- **WHAT THE EXERCISE ASKS**
What you return must be the exact lines of the material below, from the first through the one that has "要使用 PCIe 4.0", with no pictures and, please, nothing else.

** Opening DATA SECTION block **

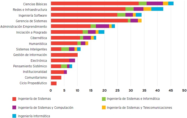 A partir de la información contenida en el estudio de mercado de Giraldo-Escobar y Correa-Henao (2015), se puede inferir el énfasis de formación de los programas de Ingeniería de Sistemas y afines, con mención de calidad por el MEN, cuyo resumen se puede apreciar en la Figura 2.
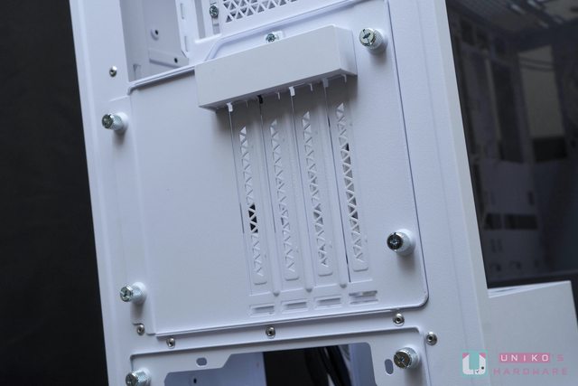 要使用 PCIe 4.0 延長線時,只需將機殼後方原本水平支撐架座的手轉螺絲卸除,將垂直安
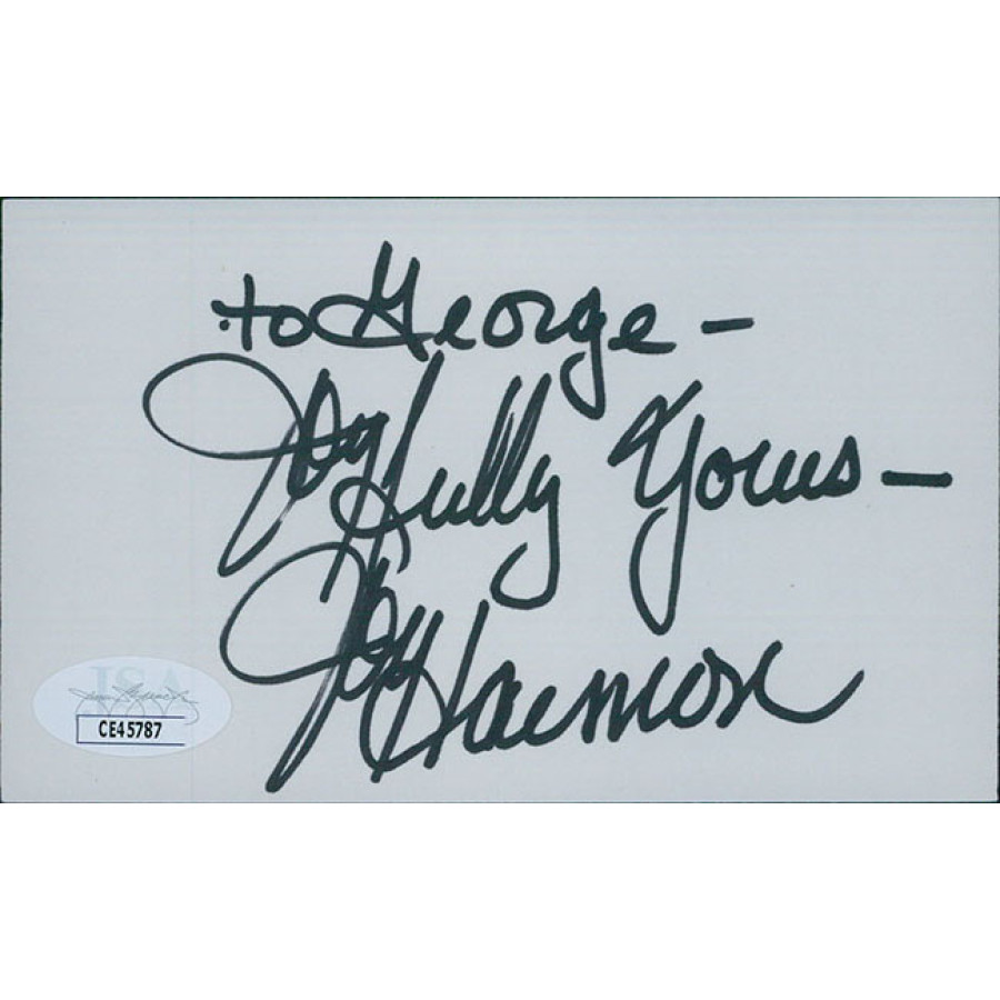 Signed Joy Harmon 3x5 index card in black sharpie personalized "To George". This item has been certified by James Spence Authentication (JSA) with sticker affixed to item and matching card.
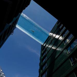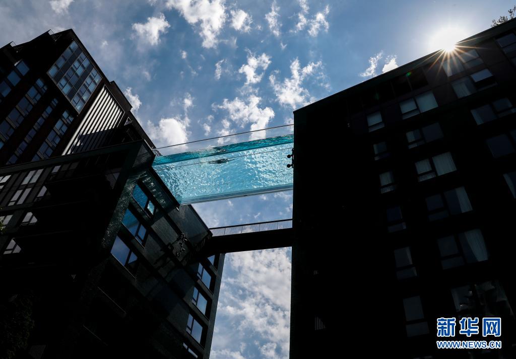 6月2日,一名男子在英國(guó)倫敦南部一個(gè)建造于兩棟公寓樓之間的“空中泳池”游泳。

** Closing DATA SECTION block **

- **ANSWER TO THIS EXERCISE**
 A partir de la información contenida en el estudio de mercado de Giraldo-Escobar y Correa-Henao (2015), se puede inferir el énfasis de formación de los programas de Ingeniería de Sistemas y afines, con mención de calidad por el MEN, cuyo resumen se puede apreciar en la Figura 2.
 要使用 PCIe 4.0 延長線時,只需將機殼後方原本水平支撐架座的手轉螺絲卸除,將垂直安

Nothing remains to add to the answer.